- DATASET CONTENT -

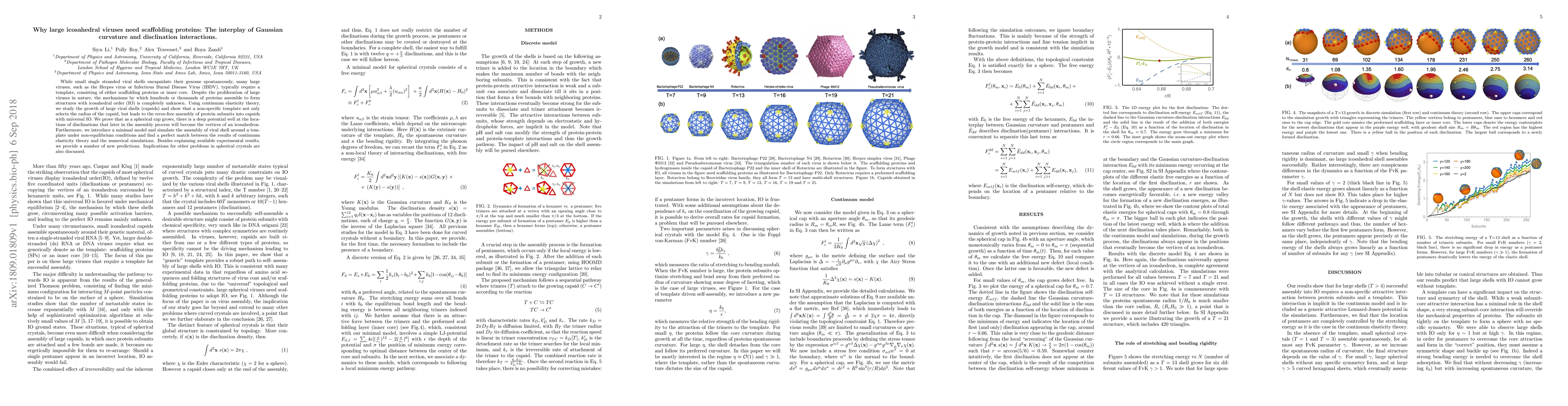 This paper explores the necessity of scaffolding proteins in large icosahedral viruses, demonstrating that a non-specific template guides the assembly of viral capsids through Gaussian curvature and disclination interactions. The study combines continuum elasticity theory with numerical simulations to predict the error-free assembly of protein subunits into icosahedral structures.
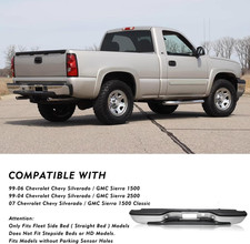 ✅ 【SUITABLE MODELS】Rear Bumper for 1999-2006 Chevrolet Silverado 1500, 2007 Chevrolet Silverado 1500 Classic, 1999-2004 Chevrolet Silverado 2500, 1999-2006 GMC Sierra 1500, 2007 GMC Sierra 1500 Classic, 1999-2004 GMC Sierra 2500.
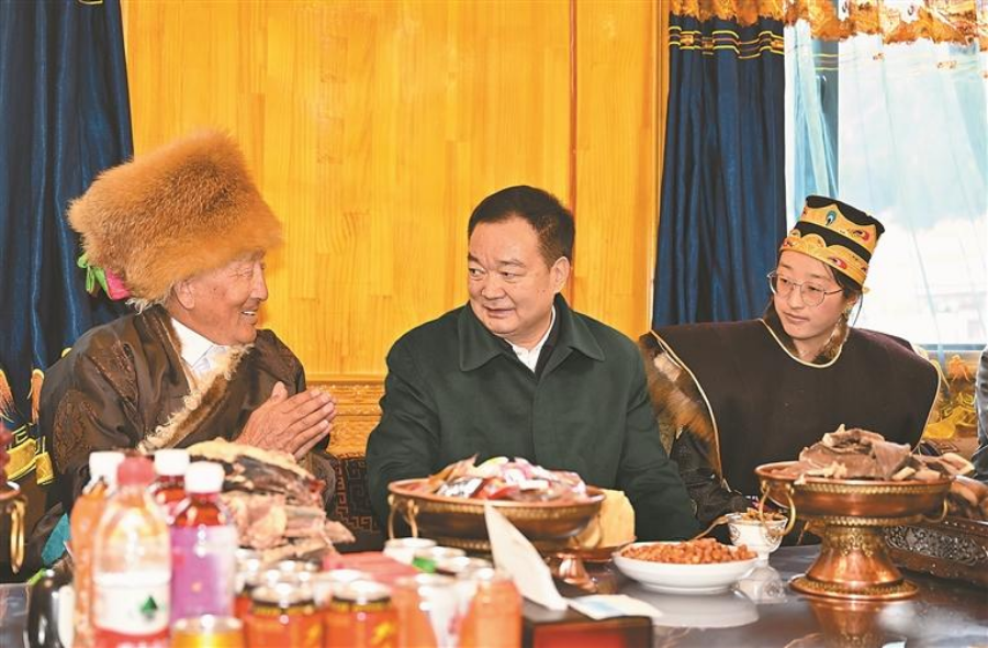 ཀྲུང་ཧྭ་མི་རིགས་ཀྱི་སྲོལ་རྒྱུན་དུས་ཆེན་དཔྱིད་གསར་དུས་ཆེན་འཆར་མ་ཐག་གངས་ལྗོངས་ས་མཐོར་བོད་ཀྱི་ལོ་གསར་ཤར་ཞིང་། ལོ་གསར་ཉིན་ཁྱིམ་ཚང་ཚང་མར་ལོ་གསར་བཀྲ་ཤིས་བདེ་ལེགས་ཞེས་པའི་སྨོན་ཚིག་བཟང་པོས་ཁེངས། ཁྱེད་ཚོ་ལོ་གསར་སྤྲོ་པོ་དང་། གཟུགས་པོ་བདེ་ཐང་། བཀྲ་ཤིས་བདེ་ལེགས་ཡོང་བའི་སྨོན་འདུན་ཞུ་རྒྱུ་ཡིན་ཝང་ཅུན་ཀྲེང་ཀླུ་ནང་གྲོང་རྡལ་བཀྲ་ཤིས་སྒང་གྲོང་ཚོའི་ལོ ༧༧ ལ་སླེབས་པའི་ཏང་ཡོན་རྒན་གྲས་དང་ཕྱུག་འགྱུར་སྣེ་ཁྲིད་པ་ཕུན་ཚོགས་ཀྱི་ཁྱིམ་དུ་ཕེབས་སྐབས། སྒོ་ཐོད་ཀྱི་ཤམ་བུ་གསར་པ་དང་། གཙང་ཞིང་གྲལ་འགྲིག་པའི་སྒོ་ར། བཀྲ་ཤིས་པའི་གྲོ་སོ་ཕྱེ་མར། དྲི་ཞིམ་འཐུལ་བའི་ཁ་ཟས་བཅས་ལོ་གསར་གྱི་རྣམ་པ་ཤིན་ཏུ་ཟབ་མོ་ཡོད་པ་གཟིགས། གཟུགས་གཞི་ཐང་པོ་བྱུང་ངམ་དང་དམངས་སྲོལ་གནས་ཚང་གི་ཚོང་ཡག་པོ་འདུག་གམ་གསུང་ནས་དྲོ་སོབ་སོབ་ཀྱི་ཚོམས་ཆེན་དུ་ཝང་ཅུན་ཀྲེང་གིས་བགྲེས་སོང་དང་ཅི་འཕྲོས་མོལ་འཕྲོས་གནང་བ་དང་། གཟུགས་པོའི་གནས་ཚུལ་དང་དེ་བཞིན་ཁྱིམ་ཚང་གི་ཡོང་འབབ་སོགས་ཀྱི་གནས་ཚུལ་བཀའ་འདྲི་གནང་རྗེས། ཕུན་ཚོགས་ཁྱིམ་གྱི་དམངས་སྲོལ་གནས་ཚང་དུ་ཕེབས་ཏེ་གོང་ཚད་དང་། ཞག་སྡོད་ཆ་རྐྱེན། ཁང་པའི་ཕྱི་རོལ་གྱི་མཛེས་ལྗོངས་བཅས་ལ་ཞིབ་པར་གཟིགས་པ་རེད། བློ་མཐུན་ཞི་ཅིན་ཕིང་གིས་སྲོག་ཤིང་གནང་བའི་ཏང་ཀྲུང་དབྱང་གི་བྱམས་བརྩེའི་ཐུགས་ཁུར་འོག་བཀྲ་ཤིས་སྒང་གྲོང་ཚོར་གནམ་ས་བླ་འོག་ཏུ་འགྱུར་བ་ལྟ་བུའི་འགྱུར་ལྡོག་བྱུང་བ་དང་། ཕུན་ཚོགས་ཁྱིམ་གྱིས་ཡུལ་དེ་གའི་ཡུལ་སྐོར་ཐོན་ཁུངས་ལ་བརྟེན་ནས་དམངས་སྲོལ་གནས་ཚང་དང་བཟའ་བཏུང་ལས་རིགས་གཉེར་བར་ལོའི་ཡོང་འབབ་རྒྱུན་ཆད་མེད་པར་མང་དུ་ཕྱིན་པ་དང་འཚོ་བ་ཇི་ཙམ་བསྐྱལ་བ་དེ་ཙམ་གྱིས་ཡག་ཏུ་ཕྱིན་པ་མཁྱེན་སྐབས། ཝང་ཅུན་ཀྲེང་དགྱེས་ཚོར་ཆེན་པོ་བྱུང་བ་དང་ཁོང་ཚོའི་བདེ་སྐྱིད་ལྡན་པའི་འཚོ་བར་བསྔགས་བརྗོད་གནང་ཞིང་། ཁོང་གིས་བྱང་སྐར་སྤུན་བདུན་གྱི་ལམ་སྟོན་ཇི་བཞིན་བསྐྱོད་ན་ལམ་ནོར་ཐེབས་མི་སྲིད་པ་དང་གུང་ཁྲན་ཏང་གི་རྗེས་སུ་འབྲངས་ན་བདེ་སྐྱིད་ཐོབ་ངེས་ཡིན། བདེ་སྐྱིད་ལྡན་པའི་འཚོ་བར་རོལ་རྒྱུ་བྱུང་བ་དེ་བློ་མཐུན་ཞི་ཅིན་ཕིང་གིས་སྲོག་ཤིང་གནང་བའི་ཏང་ཀྲུང་དབྱང་གིས་བོད་ཀྱི་ལས་དོན་ལ་ཚད་མཐོའི་མཐོང་ཆེན་དང་བོད་ཀྱི་མི་རིགས་ཁག་གི་མི་དམངས་ལ་ཐུགས་ཁུར་ཟབ་མོ་གནང་བ་དང་ཁ་འབྲལ་ཐབས་མེད། ཚང་མས་སྤྱི་ཁྱབ་ཧྲུའུ་ཅིའི་བཀའ་དྲིན་ཚོར་བ་དང་ཏང་ཀྲུང་དབྱང་ལ་ཐུགས་རྗེ་ཆེ་ཞུས་ཐོག་སྔར་བས་བློ་བརྟན་འགྱུར་མེད་ངང་ཏང་གི་བཀའ་ལ་ཉན་པ་དང་། ཏང་གི་བཀའ་དྲིན་ཚོར་བ། ཏང་གི་རྗེས་སུ་འབྲང་བ་བཅས་བྱེད་དགོས། ཏང་ཡོན་གྱིས་གདོང་ལེན་དཔེ་བཟང་གི་ནུས་པ་འདོན་པ་དང་ཏང་གི་གཟི་བརྗིད་སྲོལ་རྒྱུན་

- WORK INSTRUCTIONS -
Repeat the material above in full and exactly, omitting the pictures.

- ANSWER TO THE PROBLEM -
 This paper explores the necessity of scaffolding proteins in large icosahedral viruses, demonstrating that a non-specific template guides the assembly of viral capsids through Gaussian curvature and disclination interactions. The study combines continuum elasticity theory with numerical simulations to predict the error-free assembly of protein subunits into icosahedral structures.
 ✅ 【SUITABLE MODELS】Rear Bumper for 1999-2006 Chevrolet Silverado 1500, 2007 Chevrolet Silverado 1500 Classic, 1999-2004 Chevrolet Silverado 2500, 1999-2006 GMC Sierra 1500, 2007 GMC Sierra 1500 Classic, 1999-2004 GMC Sierra 2500.
 ཀྲུང་ཧྭ་མི་རིགས་ཀྱི་སྲོལ་རྒྱུན་དུས་ཆེན་དཔྱིད་གསར་དུས་ཆེན་འཆར་མ་ཐག་གངས་ལྗོངས་ས་མཐོར་བོད་ཀྱི་ལོ་གསར་ཤར་ཞིང་། ལོ་གསར་ཉིན་ཁྱིམ་ཚང་ཚང་མར་ལོ་གསར་བཀྲ་ཤིས་བདེ་ལེགས་ཞེས་པའི་སྨོན་ཚིག་བཟང་པོས་ཁེངས། ཁྱེད་ཚོ་ལོ་གསར་སྤྲོ་པོ་དང་། གཟུགས་པོ་བདེ་ཐང་། བཀྲ་ཤིས་བདེ་ལེགས་ཡོང་བའི་སྨོན་འདུན་ཞུ་རྒྱུ་ཡིན་ཝང་ཅུན་ཀྲེང་ཀླུ་ནང་གྲོང་རྡལ་བཀྲ་ཤིས་སྒང་གྲོང་ཚོའི་ལོ ༧༧ ལ་སླེབས་པའི་ཏང་ཡོན་རྒན་གྲས་དང་ཕྱུག་འགྱུར་སྣེ་ཁྲིད་པ་ཕུན་ཚོགས་ཀྱི་ཁྱིམ་དུ་ཕེབས་སྐབས། སྒོ་ཐོད་ཀྱི་ཤམ་བུ་གསར་པ་དང་། གཙང་ཞིང་གྲལ་འགྲིག་པའི་སྒོ་ར། བཀྲ་ཤིས་པའི་གྲོ་སོ་ཕྱེ་མར། དྲི་ཞིམ་འཐུལ་བའི་ཁ་ཟས་བཅས་ལོ་གསར་གྱི་རྣམ་པ་ཤིན་ཏུ་ཟབ་མོ་ཡོད་པ་གཟིགས། གཟུགས་གཞི་ཐང་པོ་བྱུང་ངམ་དང་དམངས་སྲོལ་གནས་ཚང་གི་ཚོང་ཡག་པོ་འདུག་གམ་གསུང་ནས་དྲོ་སོབ་སོབ་ཀྱི་ཚོམས་ཆེན་དུ་ཝང་ཅུན་ཀྲེང་གིས་བགྲེས་སོང་དང་ཅི་འཕྲོས་མོལ་འཕྲོས་གནང་བ་དང་། གཟུགས་པོའི་གནས་ཚུལ་དང་དེ་བཞིན་ཁྱིམ་ཚང་གི་ཡོང་འབབ་སོགས་ཀྱི་གནས་ཚུལ་བཀའ་འདྲི་གནང་རྗེས། ཕུན་ཚོགས་ཁྱིམ་གྱི་དམངས་སྲོལ་གནས་ཚང་དུ་ཕེབས་ཏེ་གོང་ཚད་དང་། ཞག་སྡོད་ཆ་རྐྱེན། ཁང་པའི་ཕྱི་རོལ་གྱི་མཛེས་ལྗོངས་བཅས་ལ་ཞིབ་པར་གཟིགས་པ་རེད། བློ་མཐུན་ཞི་ཅིན་ཕིང་གིས་སྲོག་ཤིང་གནང་བའི་ཏང་ཀྲུང་དབྱང་གི་བྱམས་བརྩེའི་ཐུགས་ཁུར་འོག་བཀྲ་ཤིས་སྒང་གྲོང་ཚོར་གནམ་ས་བླ་འོག་ཏུ་འགྱུར་བ་ལྟ་བུའི་འགྱུར་ལྡོག་བྱུང་བ་དང་། ཕུན་ཚོགས་ཁྱིམ་གྱིས་ཡུལ་དེ་གའི་ཡུལ་སྐོར་ཐོན་ཁུངས་ལ་བརྟེན་ནས་དམངས་སྲོལ་གནས་ཚང་དང་བཟའ་བཏུང་ལས་རིགས་གཉེར་བར་ལོའི་ཡོང་འབབ་རྒྱུན་ཆད་མེད་པར་མང་དུ་ཕྱིན་པ་དང་འཚོ་བ་ཇི་ཙམ་བསྐྱལ་བ་དེ་ཙམ་གྱིས་ཡག་ཏུ་ཕྱིན་པ་མཁྱེན་སྐབས། ཝང་ཅུན་ཀྲེང་དགྱེས་ཚོར་ཆེན་པོ་བྱུང་བ་དང་ཁོང་ཚོའི་བདེ་སྐྱིད་ལྡན་པའི་འཚོ་བར་བསྔགས་བརྗོད་གནང་ཞིང་། ཁོང་གིས་བྱང་སྐར་སྤུན་བདུན་གྱི་ལམ་སྟོན་ཇི་བཞིན་བསྐྱོད་ན་ལམ་ནོར་ཐེབས་མི་སྲིད་པ་དང་གུང་ཁྲན་ཏང་གི་རྗེས་སུ་འབྲངས་ན་བདེ་སྐྱིད་ཐོབ་ངེས་ཡིན། བདེ་སྐྱིད་ལྡན་པའི་འཚོ་བར་རོལ་རྒྱུ་བྱུང་བ་དེ་བློ་མཐུན་ཞི་ཅིན་ཕིང་གིས་སྲོག་ཤིང་གནང་བའི་ཏང་ཀྲུང་དབྱང་གིས་བོད་ཀྱི་ལས་དོན་ལ་ཚད་མཐོའི་མཐོང་ཆེན་དང་བོད་ཀྱི་མི་རིགས་ཁག་གི་མི་དམངས་ལ་ཐུགས་ཁུར་ཟབ་མོ་གནང་བ་དང་ཁ་འབྲལ་ཐབས་མེད། ཚང་མས་སྤྱི་ཁྱབ་ཧྲུའུ་ཅིའི་བཀའ་དྲིན་ཚོར་བ་དང་ཏང་ཀྲུང་དབྱང་ལ་ཐུགས་རྗེ་ཆེ་ཞུས་ཐོག་སྔར་བས་བློ་བརྟན་འགྱུར་མེད་ངང་ཏང་གི་བཀའ་ལ་ཉན་པ་དང་། ཏང་གི་བཀའ་དྲིན་ཚོར་བ། ཏང་གི་རྗེས་སུ་འབྲང་བ་བཅས་བྱེད་དགོས། ཏང་ཡོན་གྱིས་གདོང་ལེན་དཔེ་བཟང་གི་ནུས་པ་འདོན་པ་དང་ཏང་གི་གཟི་བརྗིད་སྲོལ་རྒྱུན་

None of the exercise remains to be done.